The last basic invention was that of purely phonetic writing—the expressing only of sounds, without admixture of pictures or symbols. Perhaps the most significant fact about this method as distinguished from earlier forms of writing is that it was invented only once in history. All the alphabetic systems which now prevail in nearly every part of the earth—Roman, Greek, Hebrew, Arabic, Indian, as well as many that have become extinct—can be traced back to a single source. The story in this case is therefore one of diffusion and modification instead of parallelism.

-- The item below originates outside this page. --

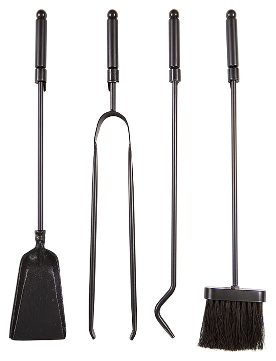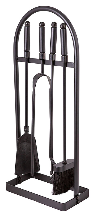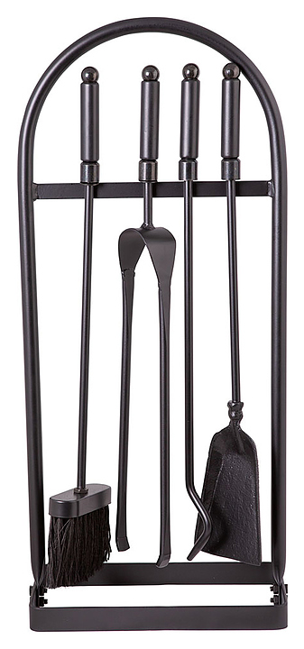 Каминный набор Royal Flame T15190BK используется совместно с дровяными каминами и печами для безопасного перемещения поленьев и ворошения углей, очистки топочной камеры от золы и сажи, а также для органичного дополнения интерьера благодаря стильному лаконичному дизайну. Модель состоит из подставки арочной формы и 4 инструментов: кочерги, щипцов, щетки и совка. Подставка оснащена устойчивым прямоугольным основанием и держателем для компактного хранения инвентаря, аксессуары имеют лаконичные рукоятки цилиндрической формы с удобным захватом. Набор изготовлен из стали.

What circumstance it was that caused this all-important invention to be made, is not known, unfortunately, though time may yet bring knowledge. There is even division of opinion as to the particular system of mixed writing that was drawn upon by the first devisers of the alphabet, or that served as jumping off place for the invention. Some have looked to the Egyptian system, others to a Cuneiform or Cretan or Hittite source of inspiration. Nor is it wholly clear who were the precise people responsible for the invention. It is only certain that about 1,000 B.C., or a little earlier, some Semitic people of western Asia, in the region of the Hebrews and Phœnicians, probably the latter themselves, began to use a set of twenty-two non-pictorial characters that stood for nothing but sounds. Moreover, they represented the sounds of Semitic with sufficient accuracy for anything in the language to be written and read without trouble. These twenty-two letters look simple and insignificant alongside the numerous, beautiful, and interesting Egyptian hieroglyphs. But on them is based every form of alphabet ever used by humanity.

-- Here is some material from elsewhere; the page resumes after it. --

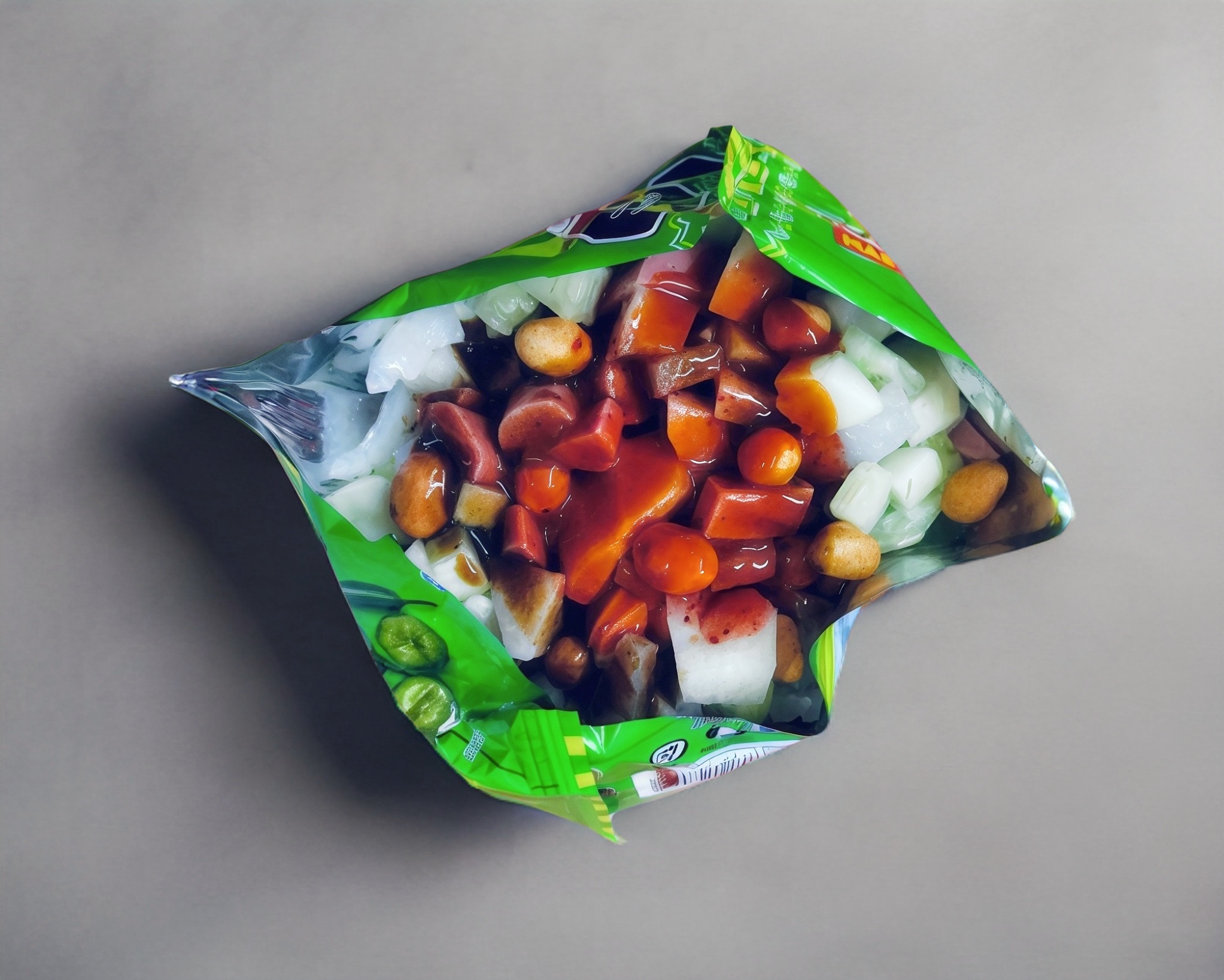 Jícama pepino cuerito salchicha cacahuate japonés rielitos clamato y chile salsa magi

The earliest extant example of the primitive Semitic alphabet[22] is on the famous Moabite Stone of King Mesha, who in the ninth century before Christ erected and inscribed this monument to commemorate the successful defense of Moab against the invading Hebrews. Now Moab was a little and rude country, somewhat off the roads of commerce and civilization. It is hardly likely, therefore, that the Moabites were the inventors of the alphabet. It is much more probable that the system was perfected, perhaps several centuries earlier, by a wealthier and more important people, one more in contact with foreign nations, such as the Phœnicians, and that from them it spread to their neighbors, the Hebrews, Moabites, and Aramæans of Syria. This spread must have been facilitated by the close kinship of the speech of these nations, enabling any of them to adopt the alphabet of another without material modification.

The Phœnicians founded Carthage, and consequently the Carthaginian or Punic writing until after the extinction of the great trading city was also Phœnician.